Associations between trial characteristics and number of eligibility criteria are shown in Table 2. There was no association between trial phase and number of criteria (P=0.45). Similar to treatment modality, disease stage displayed a trend toward association with number eligibility criteria: median 12 for early stage, 21 for locally advanced stage, and 19 for advanced stage (P=0.08). There was also an association between maximum number of therapies administered and number of eligibility criteria (P=0.05). The increase in eligibility criteria over time was limited to medical therapy trials, for which the median number of eligibility criteria increased from 17 in 1986–1995 to 28 in 2006–2016 (P<0.001).

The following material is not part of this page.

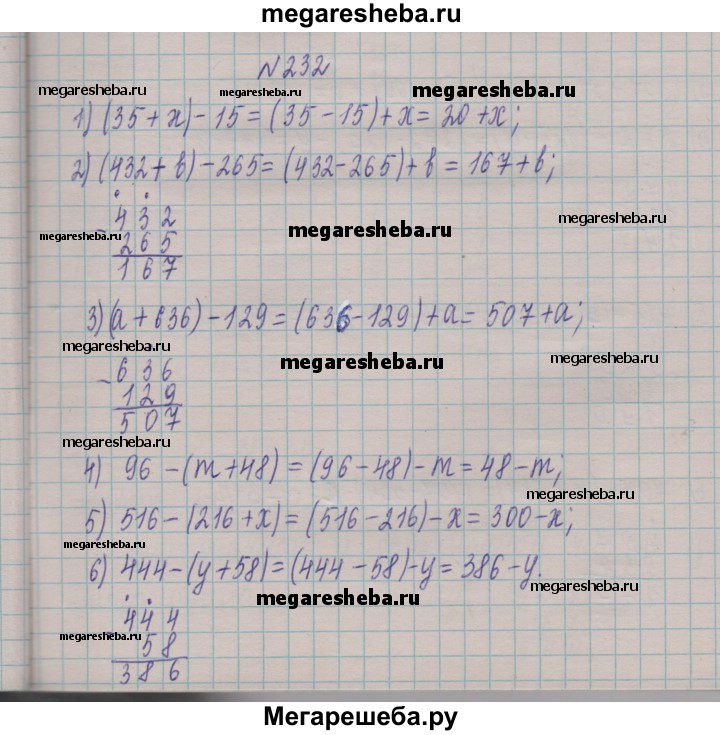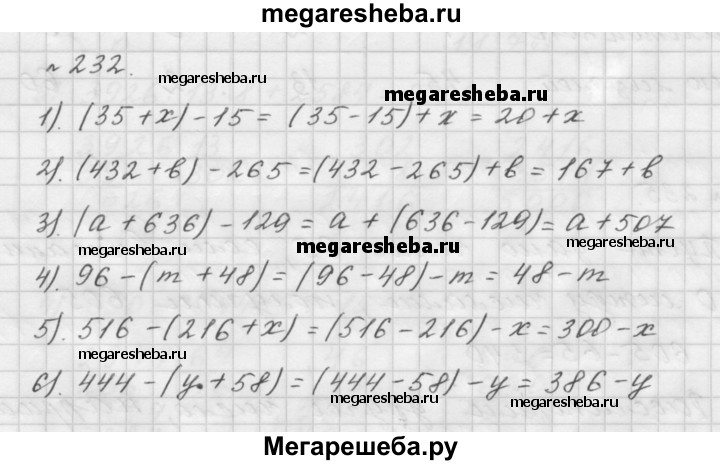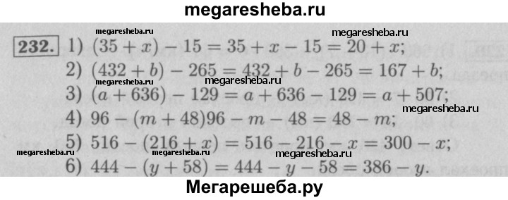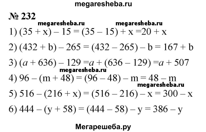 232. Упростите выражение: 1) (35+х)- 15; 2) (432 + b) - 265; 3) (a+ 636)- 129; 4) 96 - (m + 48); 5) 516 - (216+ х); 6) 444 - (у + 58).

There was no significant change in the number of eligibility criteria for surgery or radiation therapy trials (Table 3).

Table 2.

Association between trial characteristics and number of eligibility criteria*

Characteristic Median (IQR) P value
Primary endpoint 0.001
 Overall survival 20 (13–24)
 Progression-free survival 28 (22–31)
 Other 17 (12–23)
Primary treatment modality 0.02
 Surgery 9 (7–18)
 Radiation 18 (18–21)
 Medical 20 (17–25)
Year of study activation <0.001
 1986–1995 16 (10–20)
 1996–2005 19 (13–23)
 2006–2016 27 (24–31)
Number of therapies administered 0.05
 0–1 18 (9–22)
 2–3 21 (15–24)
 4–7 22 (17–28)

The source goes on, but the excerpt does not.